Jerry Brown has rolled out his long-awaited proposal to reform publicly financed pensions for government workers, drawing protests from Republicans and Democrats alike.
Which means he must be doing something right.
“We’re not on a sustainable path,” the governor said last week, unveiling a 12-point plan to address the multiple billion-dollar obligations for which taxpayers are on the hook in funding the retirements of state and local public employees.
At a time when Sacramento, cities, and counties all face big deficits and huge debts, the pension issue has emerged as the most visible symbol of the public’s dismay about government spending.
As a policy matter, paying for pensions, at least in the short term, is a relatively modest problem given the massive scale of the state’s fiscal woes; retirement costs account for just 3 percent of Sacramento’s overall budget, and the average public pension is only about $26,000 a year, despite news stories highlighting a relatively small number of outrageous abuses.

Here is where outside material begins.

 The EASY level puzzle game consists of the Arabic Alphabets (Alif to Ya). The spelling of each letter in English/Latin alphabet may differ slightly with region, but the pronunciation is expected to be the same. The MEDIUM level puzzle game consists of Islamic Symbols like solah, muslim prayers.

As a long-term issue, however, it is far more dire; one study estimates that state and local governments face an unfunded future pension liability of as much as $500 billion in California, and retirement costs for cities, counties, and special districts, which administer thousands of plans linked to the state’s, are proportionately of much greater magnitude.

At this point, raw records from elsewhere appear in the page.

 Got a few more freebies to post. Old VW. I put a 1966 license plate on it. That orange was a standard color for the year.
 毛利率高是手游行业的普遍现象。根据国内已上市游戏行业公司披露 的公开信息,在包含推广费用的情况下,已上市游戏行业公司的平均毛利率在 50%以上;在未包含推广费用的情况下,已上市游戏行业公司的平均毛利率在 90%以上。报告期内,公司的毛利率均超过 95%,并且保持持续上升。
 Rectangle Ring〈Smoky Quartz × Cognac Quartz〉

As a political matter, however, pensions lead the public’s agenda for what they want changed about government. Nearly eight in 10 Californians identified the cost of retirement plans as a problem in a recent Public Policy Institute of California survey; over half said the state should decrease pension plans as a way to balance the budget this year; and seven in 10 favor a cheaper 401(k) plan over the current, far more expensive, defined benefit system.
THE PLAN: In response, the governor proposed major reforms to restructure the system, which he said would save taxpayers more than $10 billion over the next 30 years. Key elements include:
• Raising the retirement age for most new employees to 67; public workers between 50 and 62 currently can retire with full benefits, depending on the type of work they do.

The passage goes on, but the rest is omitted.